--- Recorded data ---
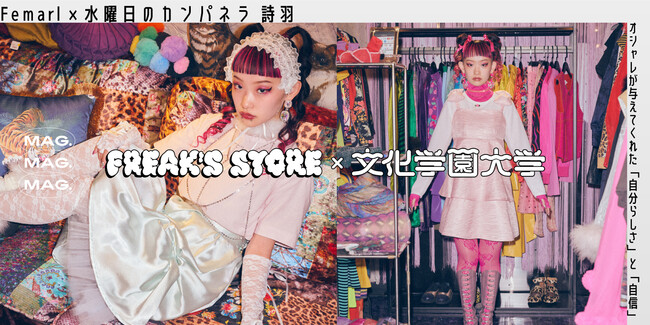 株式会社デイトナ・インターナショナルが運営する「FREAK'S STORE(フリークス ストア)」は、文化学園大学と産学連携プロジェクトとして、サステナブルをテーマに制作した学生の企画商品化・受注販売及び、廃棄商材を利用したアップサイクルをテーマとした作品を制作。3月18日(土)からはじまった「東京クリエイティブサロン日本橋2023」内の~ファッションを通してサステナブルとは何か~を考えるイベントコンテンツ「THAT'S FASHION WEEKEND」でローンチしました。学生企画商品のビジュアルには「水曜日のカンパネラ」の二代目主演/歌唱担当、詩羽さんをモデルとして起用。コミュニケーションメディア「FREAK MAG.」では詩羽さんのインタビュー記事も公開中。
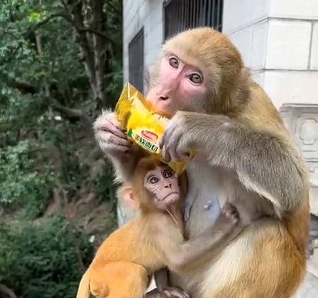 One afternoon, a vendor accidentally dropped a bag of peanuts near the forest edge. Several monkeys rushed at it, screeching and fighting to grab the most. But the mother monkey simply waited, her babies clinging tightly. When the scuffle ended, she quietly picked up what little was left, calmly splitting the peanuts in half for her children.
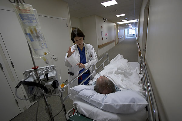 Monday 5:29pm On the way to the Emergency Department to admit a patient, Ryder recognizes one of her patients who is waiting to be brought back to his room after his CT scan. She stops for a quick chat and to check on his status.
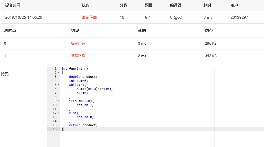 输入 输出 说明 25 The result is 0 25的各为数平方之和为29不可以被5整除 8 The result is 0 8平方之为64不可以被5整除 402 The result is 1 402的各位数之和为20可以被5整除 1.1.4PTA提交及列表

--- Instructions for the task ---
In the material above, retype exactly the lines that run from the one containing "Monday 5:29pm On" through the last line, and keep out the pictures.

--- Expected output ---
 Monday 5:29pm On the way to the Emergency Department to admit a patient, Ryder recognizes one of her patients who is waiting to be brought back to his room after his CT scan. She stops for a quick chat and to check on his status.
 输入 输出 说明 25 The result is 0 25的各为数平方之和为29不可以被5整除 8 The result is 0 8平方之为64不可以被5整除 402 The result is 1 402的各位数之和为20可以被5整除 1.1.4PTA提交及列表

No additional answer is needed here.